Collected data: Begin

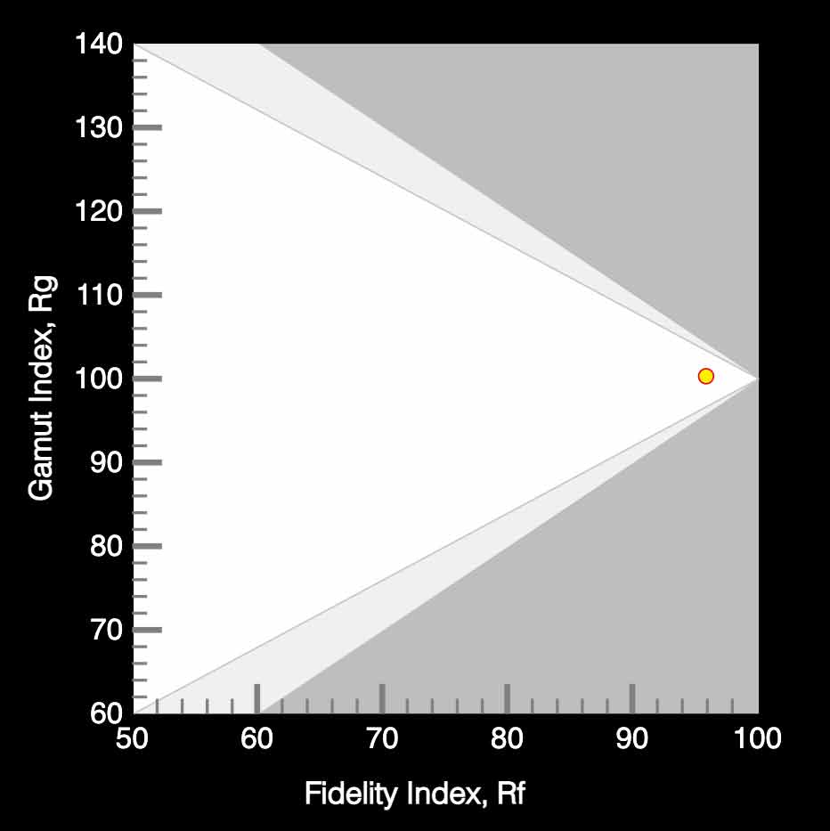 Rf - Fidelity Index: An average (from 0 - 100) of your light's comparative ability to accurately render all 99 colour samples (hue), similar to CRI(Re).
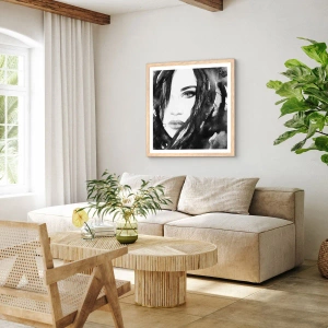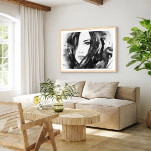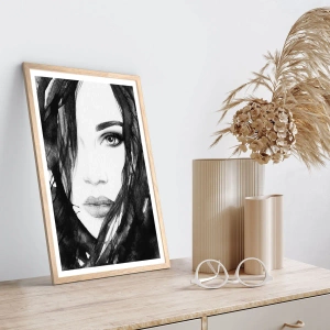 Poster in einem Rahmen aus heller Eiche - Porträt einer Dame in Schwarzweiß - 40x50 cm
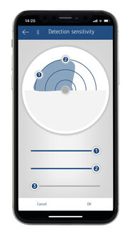 La versione D180i introduce la programmazione tramite app, che semplifica e velocizza la configurazione eliminando i potenziometri manuali. È possibile delimitare digitalmente l'area di rilevamento per evitare attivazioni indesiderate dovute a traffico, vicini o alberi mossi dal vento. In più, la possibilità di raggruppare diversi rilevatori consente di gestire aree più estese in modo coordinato.

Collected data: End

Output precisely the lines in the material above from the line containing "Poster in einem" through its last line, and omit pictures.

→ Written answer
 Poster in einem Rahmen aus heller Eiche - Porträt einer Dame in Schwarzweiß - 40x50 cm
 La versione D180i introduce la programmazione tramite app, che semplifica e velocizza la configurazione eliminando i potenziometri manuali. È possibile delimitare digitalmente l'area di rilevamento per evitare attivazioni indesiderate dovute a traffico, vicini o alberi mossi dal vento. In più, la possibilità di raggruppare diversi rilevatori consente di gestire aree più estese in modo coordinato.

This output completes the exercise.